Hooray for A123 and Chrysler!

Tom Bartley

Ener1 Takes Stake in Electric Vehicle Maker Think Global

Ener1 Takes Stake in Electric Vehicle Maker Think Global

TH!NK City with EnerDel Lithium Batteries

TH!NK City with EnerDel Lithium Batteries

(8/27/09)

Ener1 (HEV) took the lead among a group of investors that plans to inject $47 million of equity funding into Think Global AS, the Norwegian electric cars producer. Ener1 effectively expands its existing 10 percent stake to a 31 percent stake in Think. Ener1 is the parent company of EnerDel, a leading manufacturer of advanced lithium-ion automotive battery systems and an existing supplier to Think.

Ener1 Chairman and CEO Charles Gassenheimer stated, “Ener1 and Think have collaborated for years on systems development, and today possess a unique ability to bring together category-leading technologies in a fully integrated platform, to suit a wide variety of vehicle applications.” Ener1 appears to be pursuing a business model similar to Bosch Automotive and Magna. Gassenheimer added, “As a key battery supplier and now partner in the production and marketing of electric drivetrain solutions for a range of next-generation vehicles, Ener1 looks forward to a strong future relationship with this industry leader.”
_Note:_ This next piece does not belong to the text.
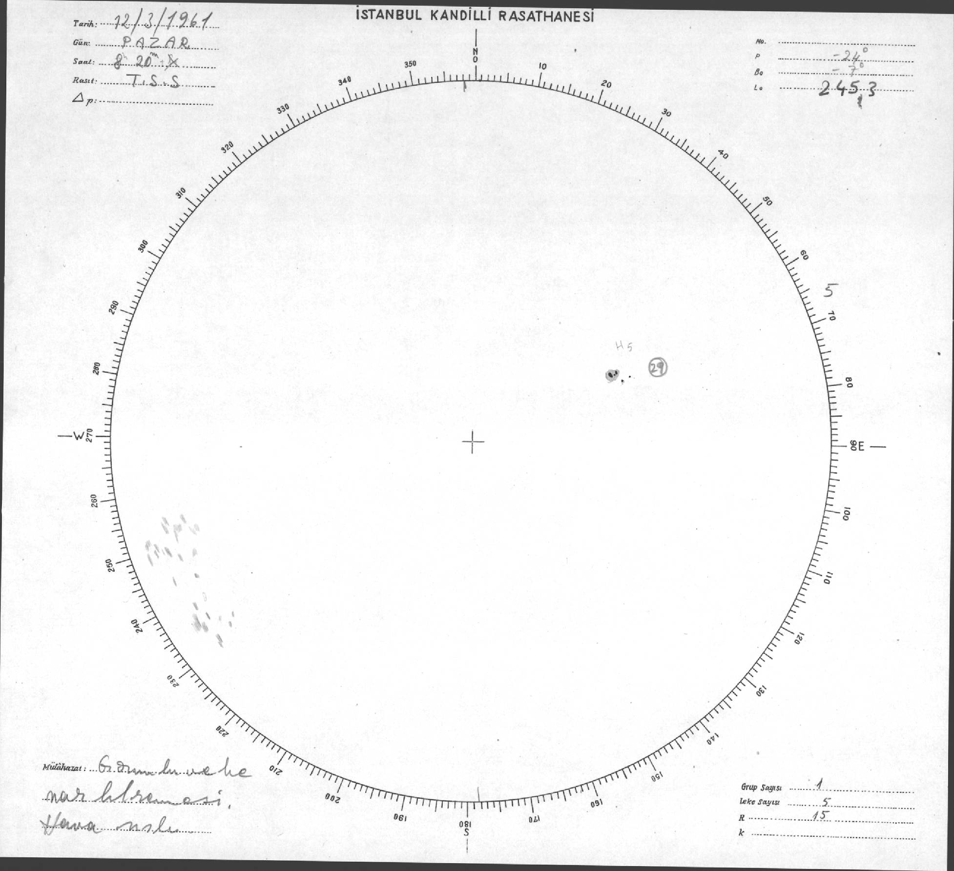 Güneş Lekesi Çizimi - 12.03.1961

EnerDel and Think have also agreed to enter into a new long-term battery supply agreement as part of the transaction. EnerDel will receive certain exclusivity rights for the supply of lithium manganese titanate batteries for Think’s current and upcoming new vehicle models.

“This investment cements our partnership with one of the leading advanced battery manufacturers in the world,” said Think CEO Richard Canny. “In addition to ensuring supply of high-performance battery systems, the new deal will enable us to more fully capitalize on our advantage in the marketplace with the only ‘plug-and-play’ electric vehicle drive system with prismatic lithium-ion technology.”

Ener1 develops and manufactures compact, high performance lithium-ion batteries to power the next generation of hybrid, plug-in hybrid and pure electric vehicles. In addition to the automobile market, applications for Ener1 lithium-ion battery technology include the military, grid storage and other growing markets.

Ener1 also develops commercial fuel cell products through its EnerFuel subsidiary and nanotechnology-based materials and manufacturing processes for batteries and other applications through its NanoEner subsidiary.

Think is a pioneer in electric vehicles, and a leader in electric vehicle technology, developed and proven over 19 years. Think is also a leader in electric drive-system technology, and was the first to market a ‘plug and play’ mobility solution in the business-to-business sector.

The equity funding allows financially struggling Think to exit court protection and resume normal operations with the production of the ready-to-market TH!NK City.
Also participating in Think’s restructuring is Valmet Automotive, a provider of automotive engineering and manufacturing services of premium cars. In 40 years the company has produced over 1,100,000 high-quality vehicles in Finland. Valmet Automotive manufactures Porsche Boxster and Porsche Cayman for Porsche AG. The manufacturing of Fisker Karma hybrid vehicle starts in 2009. The company is a part of Metso.

Diversifying into system integration around a technology platform is an intelligent strategy for Ener 1 who faces tough competition from battery giants who have joint ventures and strategic relationships with major auto makers. Competition includes Panasonic, Hitachi, NEC, LG Chem, and Johnson Controls-Saft.